Task goal:
Look through the entries below and copy exactly the part that begins with the line containing "만족하는 데이터를 찾는다." and ends with the line containing "Giải Bài 25: Chia". Do not copy the pictures.

Records for the exercise:

= = = =

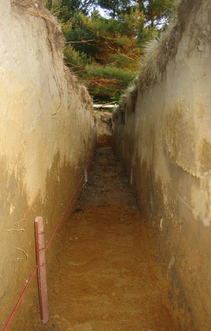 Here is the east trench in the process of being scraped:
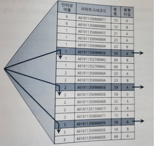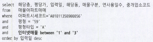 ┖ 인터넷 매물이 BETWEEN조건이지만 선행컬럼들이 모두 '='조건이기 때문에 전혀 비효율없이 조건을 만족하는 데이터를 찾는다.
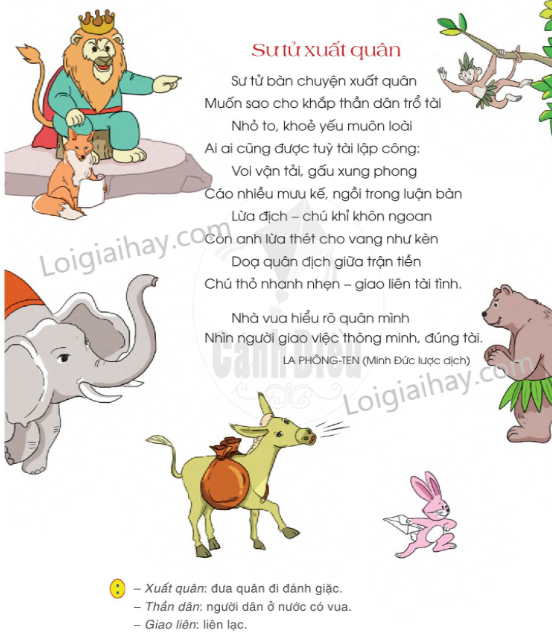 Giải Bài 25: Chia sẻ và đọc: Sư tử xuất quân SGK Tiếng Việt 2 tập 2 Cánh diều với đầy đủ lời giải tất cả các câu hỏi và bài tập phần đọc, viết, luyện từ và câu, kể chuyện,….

= = = =

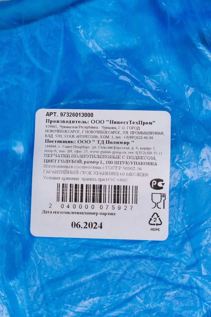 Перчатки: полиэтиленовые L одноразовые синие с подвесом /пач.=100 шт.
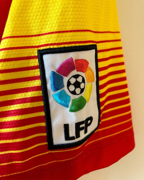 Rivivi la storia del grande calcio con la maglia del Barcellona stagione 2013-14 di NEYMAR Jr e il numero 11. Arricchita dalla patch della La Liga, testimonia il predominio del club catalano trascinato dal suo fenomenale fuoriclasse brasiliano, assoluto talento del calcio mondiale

= = = =

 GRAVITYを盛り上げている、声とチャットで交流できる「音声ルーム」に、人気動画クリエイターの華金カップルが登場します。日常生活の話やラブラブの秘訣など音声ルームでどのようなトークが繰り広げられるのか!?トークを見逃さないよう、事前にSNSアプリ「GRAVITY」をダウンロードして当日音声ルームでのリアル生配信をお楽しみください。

= = = =

Task answer:
 ┖ 인터넷 매물이 BETWEEN조건이지만 선행컬럼들이 모두 '='조건이기 때문에 전혀 비효율없이 조건을 만족하는 데이터를 찾는다.
 Giải Bài 25: Chia sẻ và đọc: Sư tử xuất quân SGK Tiếng Việt 2 tập 2 Cánh diều với đầy đủ lời giải tất cả các câu hỏi và bài tập phần đọc, viết, luyện từ và câu, kể chuyện,….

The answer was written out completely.